Provided material:

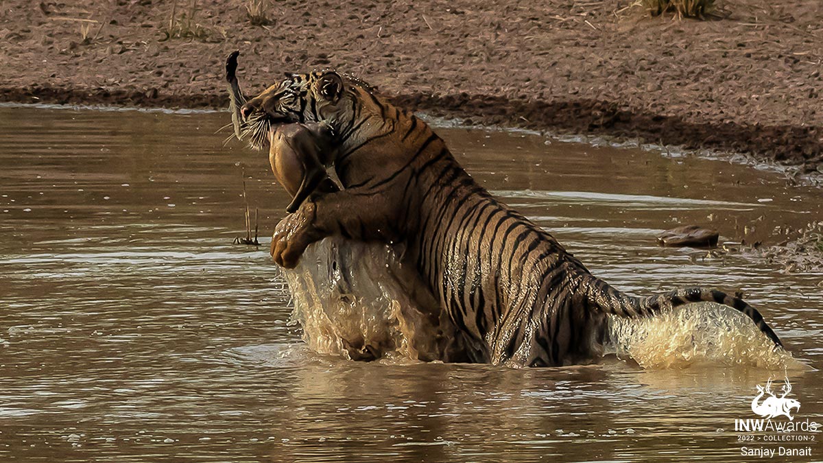 'Mission Accomplished!' A Tiger with a Grey Langur (Monkey) kill. This tiger was a sub-adult cub who killed a Langur and was proudly showing his trophy in a forest waterhole. Location: Bandhavgarh National Park (Madhya Pradesh), India. May 2019. Canon gear.
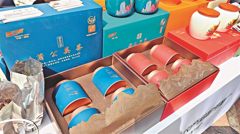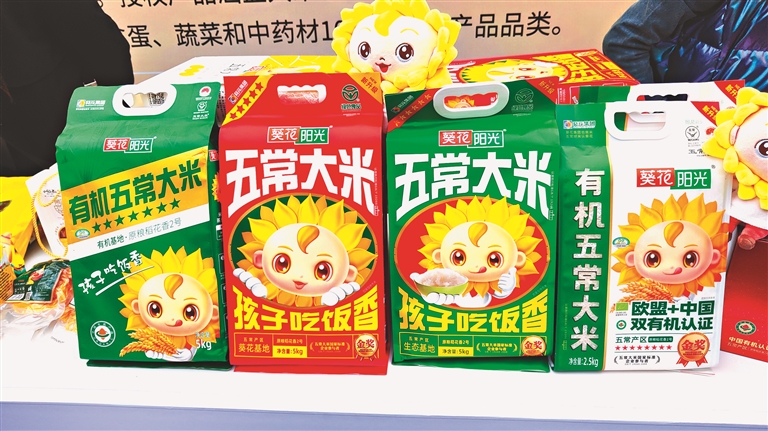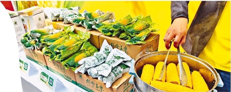 活动现场亮相的鲜食玉米、五常大米、蒲公英茶。 见习记者 唐海兵摄
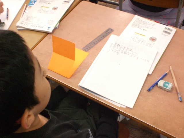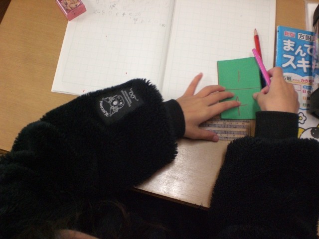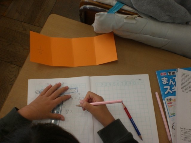 分数の学習です。1を4つに分けたうちの1つを4分の1といいますが、それを具体物を使って実感しています。わかりやすいですね。
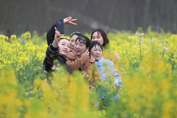 游客在油菜花田中观光打卡。 夏俊林 摄

Your instructions: Return all of the lines above without alteration, minus the pictures.

Answer section:
 'Mission Accomplished!' A Tiger with a Grey Langur (Monkey) kill. This tiger was a sub-adult cub who killed a Langur and was proudly showing his trophy in a forest waterhole. Location: Bandhavgarh National Park (Madhya Pradesh), India. May 2019. Canon gear.
 活动现场亮相的鲜食玉米、五常大米、蒲公英茶。 见习记者 唐海兵摄
 分数の学習です。1を4つに分けたうちの1つを4分の1といいますが、それを具体物を使って実感しています。わかりやすいですね。
 游客在油菜花田中观光打卡。 夏俊林 摄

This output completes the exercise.